At a time when volatility strikes every second day, investors often rely on value investing rather than other options like growth or momentum. As soon as other investors start selling their stocks at a cheaper rate in times of market uncertainty, value investors take this as an opportunity to pick good stocks at a discounted price.

Several stocks that have surged significantly in the recent past have shown the overwhelming success of this pure-play investment strategy. Here, we discuss four such stocks — Dow Inc. DOW, Hewlett Packard HPE, StoneCo STNE and Intercorp Financial Services IFS.

However, this apparently simple value investment technique has some drawbacks and not understanding the strategy properly may often lead to “value traps.” In such a situation, these value picks start to underperform over the long run as the temporary problems, which once drove the share price down, turn out to be persistent.

There are many value investment yardsticks, such as dividend yield, P/E or P/B, which are simple and can single out whether a stock is trading at a discount.

However, for investors looking to escape such value traps, it is also vital to determine where the stock would be headed in the next 12 to 24 months.

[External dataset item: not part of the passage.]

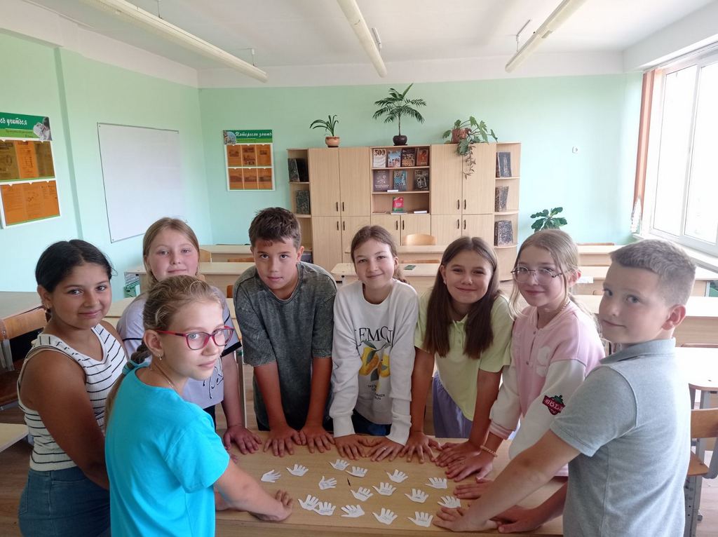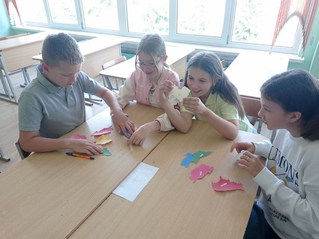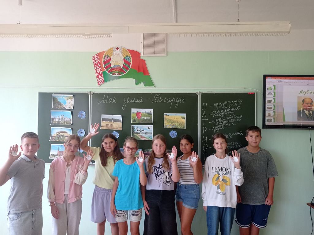 6 сентября в рамках шестого школьного дня прошла познавательная игровая программа «Моя земля - Беларусь». Команды «Волковысские зубры» и «Василёк» соревновались за звание «Лучший знаток своей Родины». Ребята складывали из 6 пазлов (областей) территорию нашего государства, угадывали города нашей страны по их культурным объектам, людей, которые родились в Беларуси и прославили её, писали пожелания белорусскому народу на ладошках-стикерах.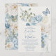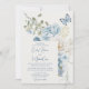 Romantische Dusty Blue Watercolor Blühende Hochzeitseinladungen mit dustig blauen Zeleste- und Delphinium-Blume mit Eukalyptusgrün und Schmetterlingen. Fügen Sie Ihren eigenen Text in elegantem, modernem Kalligrafieschrift hinzu. Für Sie entworfen von Evco Studio www.zazzle.com/store/evcostudio

Warren Buffett advises these investors to focus on the earnings growth potential of a stock. This is where lies the importance of a not-so-popular value investing metric, the PEG ratio.

PEG Ratio at a Glance

The PEG ratio is defined as (Price/ Earnings)/Earnings Growth Rate

A low PEG ratio is always better for value investors.

While P/E alone fails to identify a true value stock, PEG helps find the intrinsic value of a stock.

There are some drawbacks to using the PEG ratio. It doesn’t consider the very common situation of changing growth rates, such as the forecast of the first three years at a very high growth rate, followed by a sustainable but lower growth rate over the long term.

Hence, PEG-based investing can turn out to be even more rewarding if some other relevant parameters are also taken into consideration.

Here are some of the screening criteria for a winning strategy:

PEG Ratio less than X Industry Median

P/E Ratio (using F1) less than X Industry Median (for more accurate valuation purposes)

Zacks Rank #1 (Strong Buy) or 2 (Buy) (Whether good market conditions or bad, stocks with a Zacks Rank #1 or 2 have a proven history of success.)

Market Capitalization greater than $1 billion (This helps us to focus on companies that have strong liquidity.)

Average 20-Day Volume greater than 50,000 (A substantial trading volume ensures that the stock is easily tradable.)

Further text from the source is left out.